NEWTOWN, Conn. – Newtown returned its students to their classrooms Tuesday for the first time since last week’s massacre and faced the agonizing task of laying others to rest, as this grieving town wrestled with the same issues gripping the country: violence, gun control and finding a way forward.

Funerals were held for two more of the tiny fallen, a 6-year-old boy and a 6-year-old girl.

The resumption of classes at all Newtown’s schools except Sandy Hook brought a return of familiar routines, something students seemed to welcome as they arrived aboard buses festooned with large green-and-white ribbons – the colors of the stricken elementary school.

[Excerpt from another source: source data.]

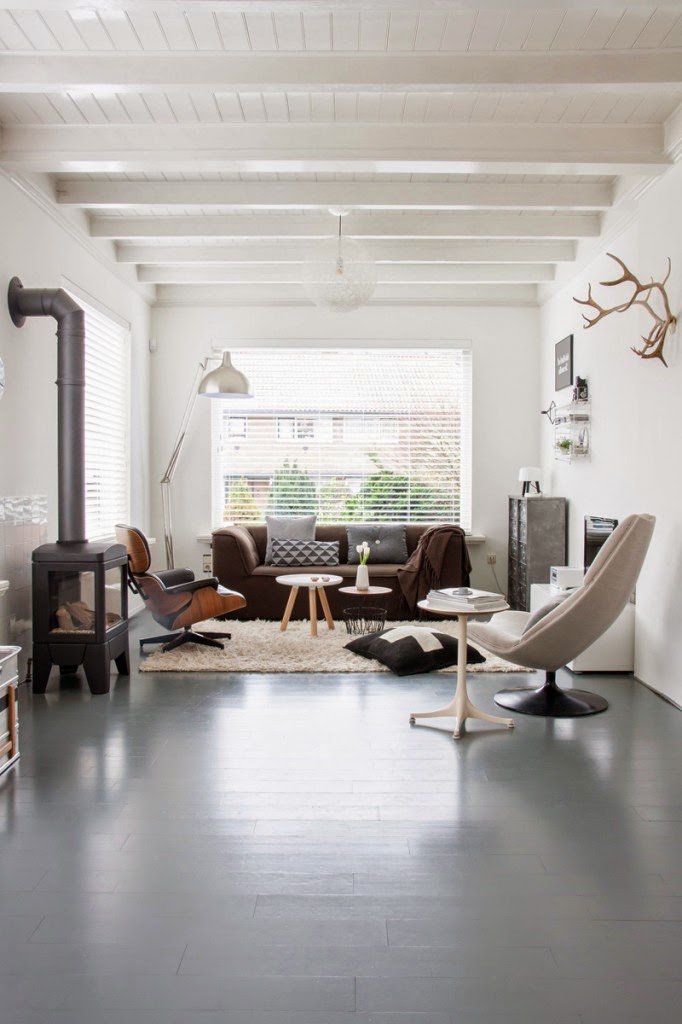 Pues hoy te muestro su casa, donde queda claramente reflejado el estilo nórdico con toques industriales en la decoración, vigas en los techos, paredes blancas con suelos oscuros y totalmente desnudas con pocos artículos de decoración. Si quieres ver uno
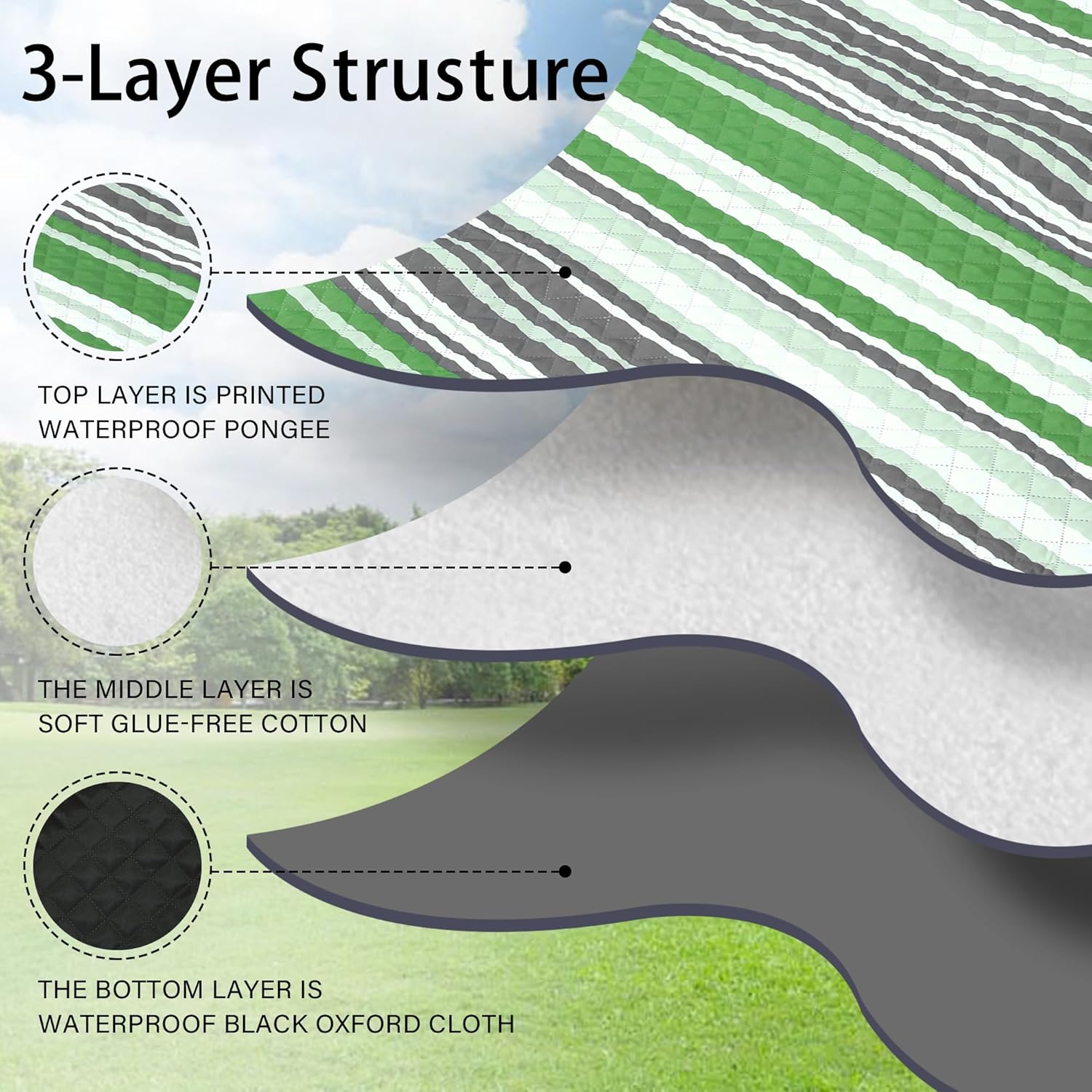 - 【Soft and Durable with 3-Layers】The picnic blanket top layer is printed waterproof pongee, the middle layer is soft glue-free cotton, and the bottom layer is waterproof black Oxford cloth. Perfectly suitable for siting or lying on grass, beach, floor or any kindly of surface, giving you soft and comfortable feelings.
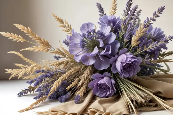 Poster Ein Strauß violetter Blumen, darunter Pfingstrosen und Lavendel, mit Weizenhalmen auf hellem Hintergrund Nr f40030
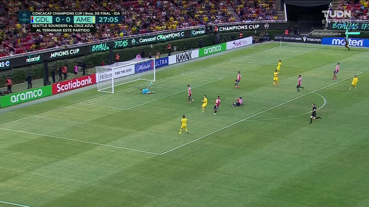 El mediocampista de las Águilas se equivoca en la definición y su remate va directo a las manos del Tala Rangel.
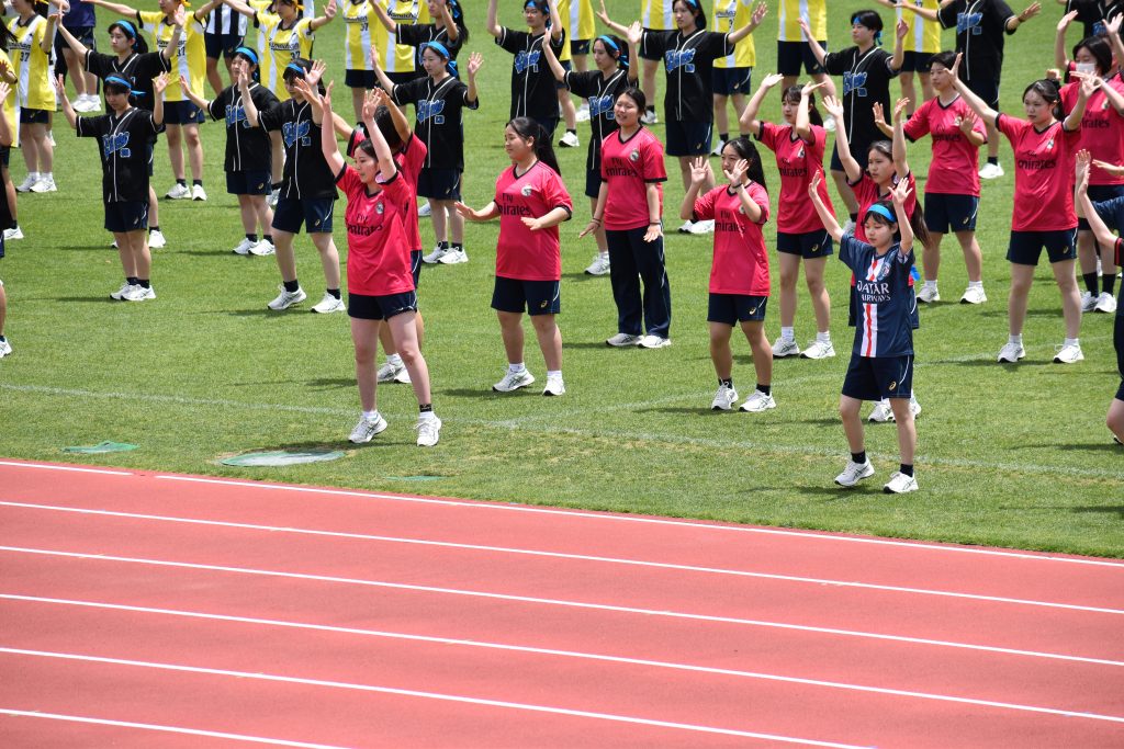 「これが練習の成果ですっ!Let’s dance!」・・・その練習は令和6年度3学期から始まっていました。時間があれば、時間を見つけては、Let’s dance!って状況の生徒たちでした。慶誠高校最後の体育祭となる3年生は、クラスTシャツをまとって全力のいい顔ダンスっ!
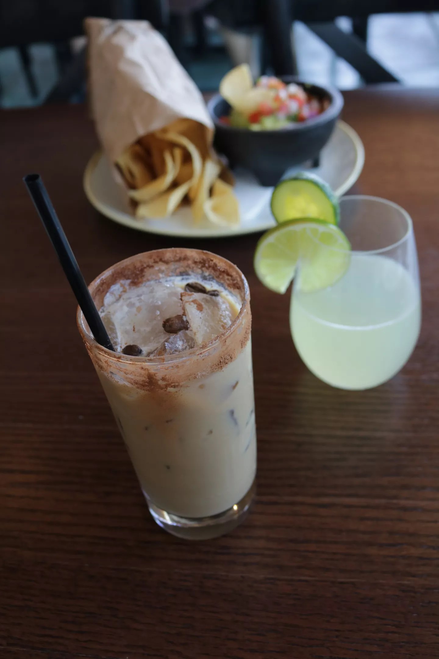 Our beverages arrived: the Cafe Hacienda, a combination of Patron Café, 1921 Tequila Cream, and cold-press coffee, with a Mexican cocoa & spiced vanilla rim ($9), and the Mexico ’70, featuring Sauza Cucumber Chili tequila, agave, lime, and sparkling wine ($9).
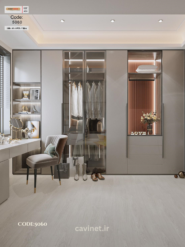 پارکت لمینت طرح چوب سفید طوسی، ضد خش برجسته، بسته بندی 8 عددی 1.8 متر مربع، AC4, H.D.F مدل 5060
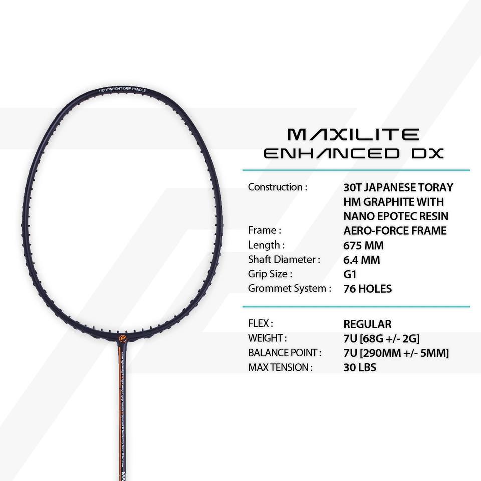 Protech Maxilite Enhanced DX LITE Lightweight 82g Badminton Racket 24T Japanese Toray HM Graphite Frame for Powerful Performance

“We’re going to be able to comfort each other and try and help each other get through this, because that’s the only way we’re going to do it,” said 17-year-old P.J. Hickey, a senior at Newtown High School. “Nobody can do this alone.” Still, he noted: “There’s going to be no joy in school. It really doesn’t feel like Christmas anymore.”

The students who survived the Sandy Hook shooting will return to class after the winter break in neighboring Monroe at a school that was closed last year.

At St. Rose of Lima Catholic Church in Newtown, back-to-back funerals were held for first-graders James Mattioli and Jessica Rekos, the third and fourth so far and the first of eight to be held in the coming days at the church.